Problem - Beneath this line are entries. Copy the range from the line with "纪律教育基地参观结束后,全体" to the line with "Imagens feitas por", ends included, exactly; leave pictures out.

** Opening Data for analysis block **

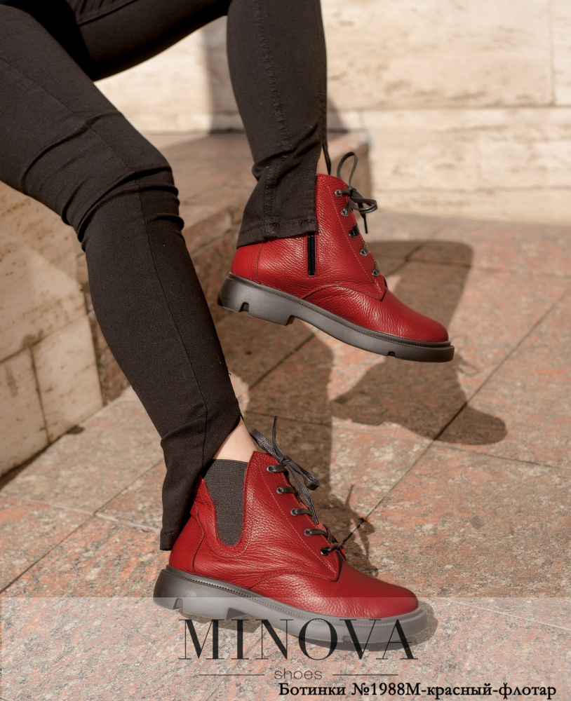 Удобные высокие ботинки выполнены из мягкой натуральной кожи. Застёжки - молния на внутренней стороне голенища и шнуровка на подъёме, отверстия укреплены люверсами. Под шнуровкой язычок. Подошва рифлёная.
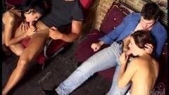 Aqui estão algumas mulheres muito excitadas que fodem como nunca antes com esses dois homens tesudos, em uma mini orgia que se organiza entre eles, e você não deve perdê-la!
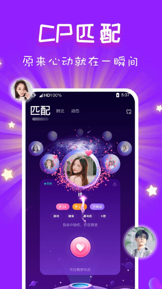 cp速配app是一款实用的情侣速配软件。这里有来自世界各地的美女帅哥,只要你们年龄相似,兴趣爱好相同,就能一键帮你匹配,帮你快速组成CP,同时也是情侣娱乐交友聊天必备神器之一,打造适合广大年轻人的交友平台。让有趣的灵魂可以有个美丽的邂逅,不再苦苦烦恼于单身问题,有着多种功能如相亲房,K歌房,大咖房等等。还等什么呢,赶紧下载起来交友吧!!!
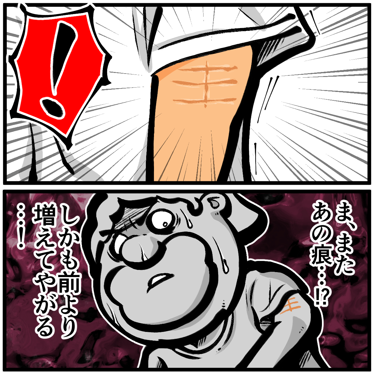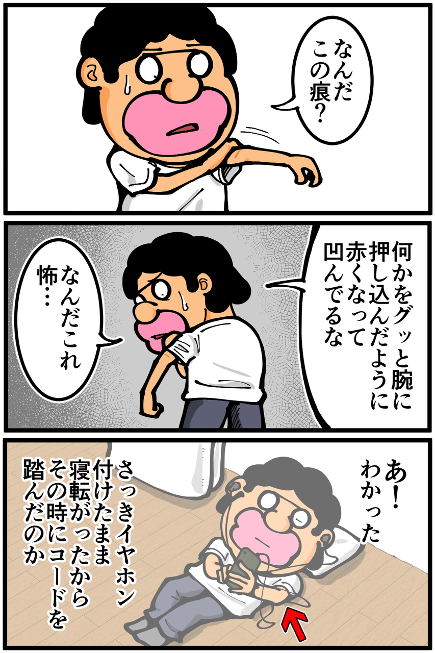 第1767話「腕にあった謎の痕・前編」 2024年10月02日 後編に続きます。続き↓ 1000円旅シリーズのKindleインディーズマンガ出版しました(無料で読めます!)●登録していただくとライブドアアプリから更新通知が届きます↓(ライブドアアプリについて)●X(旧Twitter)やってます↓●Instagramでブログの過去記事など更新してます↓ 「絵日記」カテゴリの最新記事 < 前の記事次の記事 > コメント コメント一覧 (7) 1. ぽちた 2024年10月02日 21:18 なんか昔のアンテナを思わせる模様ですね 先生、TVのアンテナの上で寝ましたか? 屋根の上で寝てると落ちますよ 0 taikutsu_ken がしました 2. ゆずきち 2024年10月02日 21:29 ガチ回答も珍回答も思いつかない我が想像力の無さよ… 0 taikutsu_ken がしました 3. 今日が一番若い! 2024年10月02日 21:42 線が増えてる?!床に寝そべっていた板の跡?増えてるのが嫌ですよね。 私もついさっき、腕に大きなシミが出来ていたのを発見して震えてます。病気じゃないなら何でも良いけど。 0 taikutsu_ken がしました 4. コードも畳も… 2024年10月02日 22:04 人間…歳を重ねると… アトが取れにくくなるんですよ…🙀 リモコン跡を頬に刻みし者 0 taikutsu_ken がしました 5. ゆきちお 2024年10月03日 03:40 私の寝起きの顔についた跡と同じかな⁉️ そのまま仕事に行っちゃう😁 0 taikutsu_ken がしました 6. 二本足 2024年10月03日 11:24 腕のシックスパックは新しいですね 0 taikutsu_ken がしました 7. 井上 2024年10月06日 19:27 お隣に気を遣ってイヤホン使ってるのかな?一人暮らしでしたっけ? 0 taikutsu_ken がしました コメントフォーム 名前 コメント 記事の評価 リセット リセット 顔 星 情報を記憶 コメントを投稿する
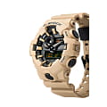 Аналого-цифровая модель в песочном исполнении идеально подойдёт для ношения в любой ситуации, гармонично смотрится контрастный циферблат с крупными элементами дизайна. Часы в стиле милитари из серии GA-700 обладают противоударным корпусомУдаропрочный корпусМеханизм заключён в корпус, выполненный из современных материалов, устойчивых к ударам, механическим повреждениям и падению с высоты: инновационный пластик, карбон, нержавеющая сталь, титан. из полимерного пластика, стойко переносящим любые механические повреждения. Батарейка рассчитана на 5 лет службы. Водонепроницаемость до 20 бар. Минеральное стекло устойчиво к появлению царапин. ЛюминесцентнаяЛюминесцентное покрытиеПозволяет считывать показания времени в темноте. Производители наносят на стрелки, часовые индексы, безель или поверхность циферблата светонакопительный состав, дающий холодное свечение. и светодиодная подсветкаСветодиодная подсветкаСветодиодная или LED-подсветка обеспечивает появление яркого холодного свечения за счёт LED-элементов - маленьких лампочек. Они потребляют минимальное количество энергии, чаще всего можно встретить 1 светодиод, в нижней части циферблата.. Дополнительные возможности: функция перемещения стрелок, включение и выключение звука кнопок, секундомер, мировое времяМировое время Полезное часовое усложнение, отображающее время в основных городах и известных областях по всему миру, оно связано с часовыми поясами, удобно для путешественников и бизнесменов. , таймер с автоповтором, UTCUTCВсемирное кординационное время, не имеющее привязки к географическому положению Гринвича, основывается на атомном отсчёте времени. Регулировка времени осуществляется более точно, чем устаревшее GMT.
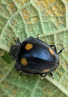 Diagnosis: Forma convexa, ovalada con élitros ojivales, su anchura máxima en el 1/3 anterior. Cabeza, pronoto y escutelo negros. Élitros del mismo color, cada uno con dos manchas amarillas, de un tamaño aproximado a 1/7 del élitro cada una a 1/3 y 4/5 del largo, equidistantes del borde y de la sutura. Lado inferior negro. Patas, antenas y piezas bucales negras, con zonas marrones.
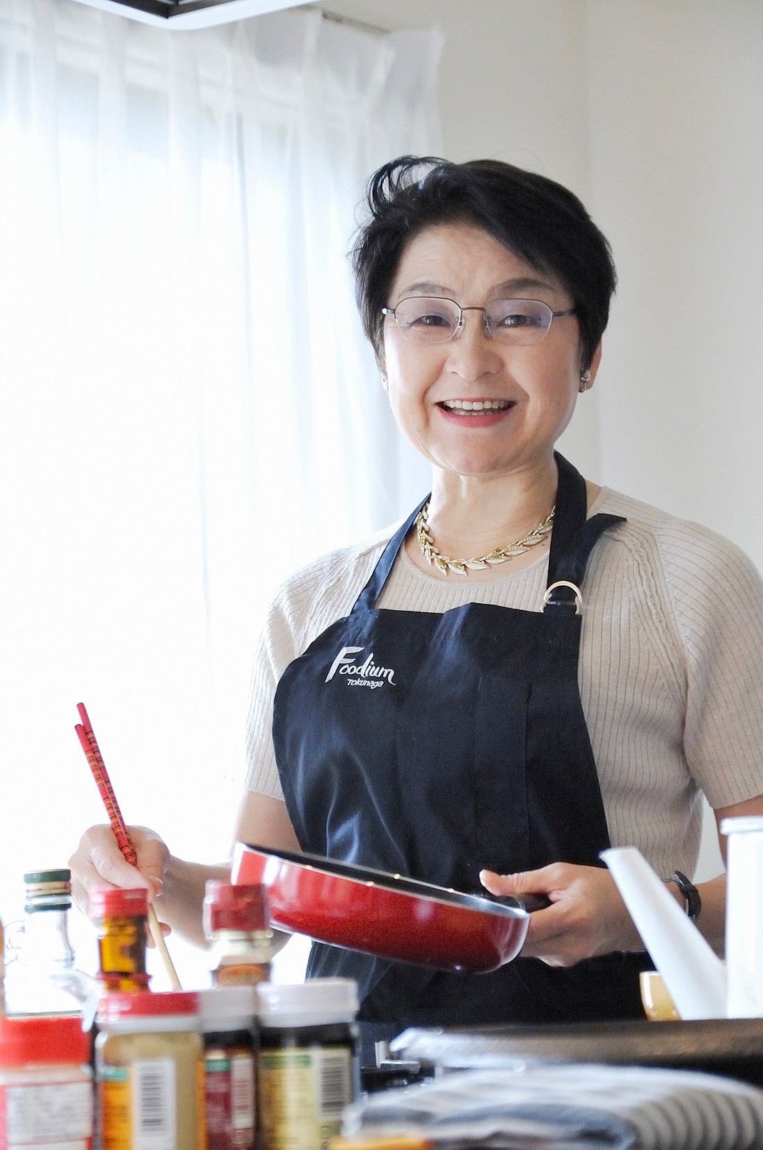 福岡県在住の料理研究家。家庭料理の味を伝承するとともに、日本人の心と身体・健康にとっての⾷育・茶育の⼤切さを説き続けている。
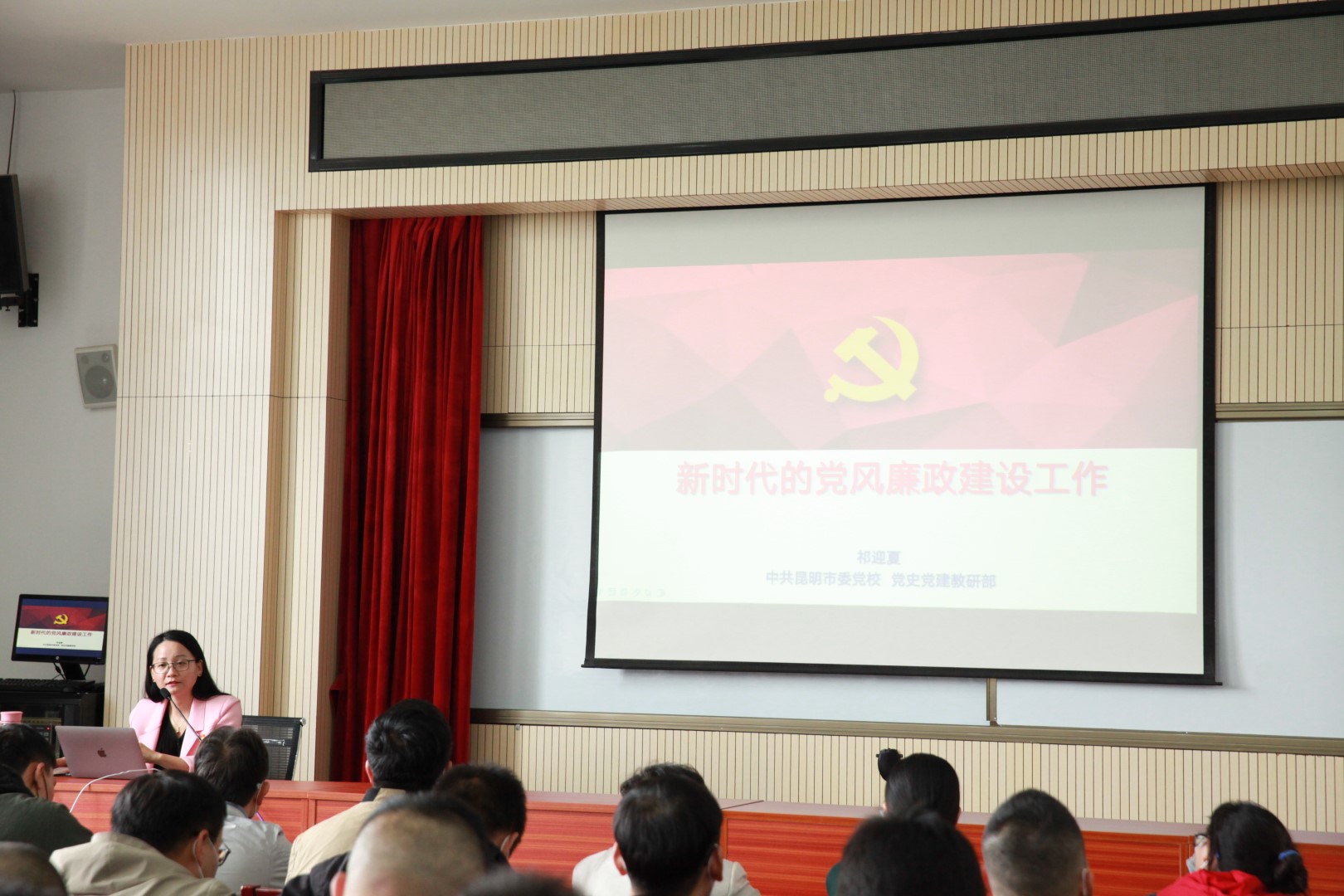 纪律教育基地参观结束后,全体人员参加了廉政党课教育,中共昆明市委党校党史党建教研部副教授祁迎夏同志以《新时代的党风廉政建设工作》为题呈现了一堂精彩的廉政党课。
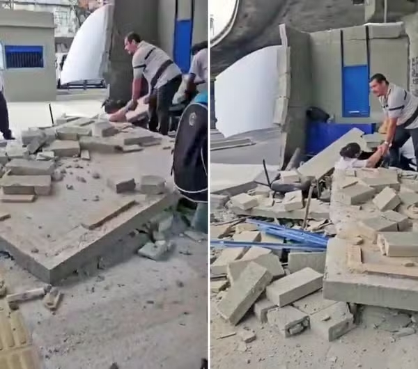Imagens feitas por testemunhas mostram o momento em que a mulher é amparada e retirada dos escombros após o impacto.
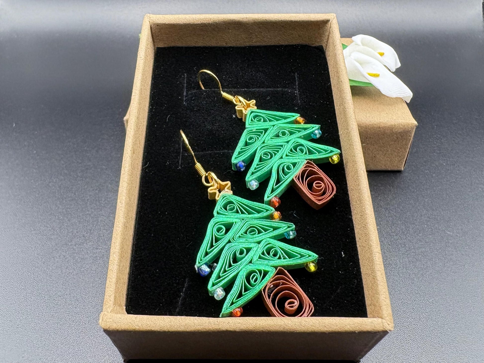 Are you looking for a special gift for someone or yourself? This is exactly what you are looking for. These beautiful hand crafted earrings are made from 1/8" thick quilling paper strips in green gilded edge, brown and gold colors. They are attached to hypo-allergenic silver plated earring hooks.
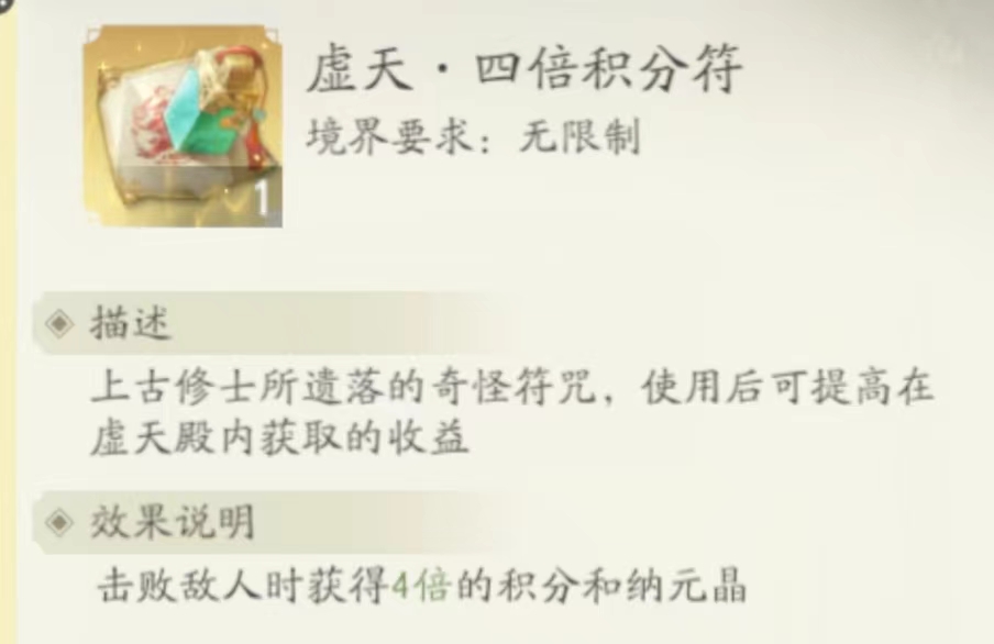 兑换虚天殿的第一个基础要求:需要准备35800个堕天松来购买40个四倍符。

** Closing Data for analysis block **

Output for this task -
 纪律教育基地参观结束后,全体人员参加了廉政党课教育,中共昆明市委党校党史党建教研部副教授祁迎夏同志以《新时代的党风廉政建设工作》为题呈现了一堂精彩的廉政党课。
Imagens feitas por testemunhas mostram o momento em que a mulher é amparada e retirada dos escombros após o impacto.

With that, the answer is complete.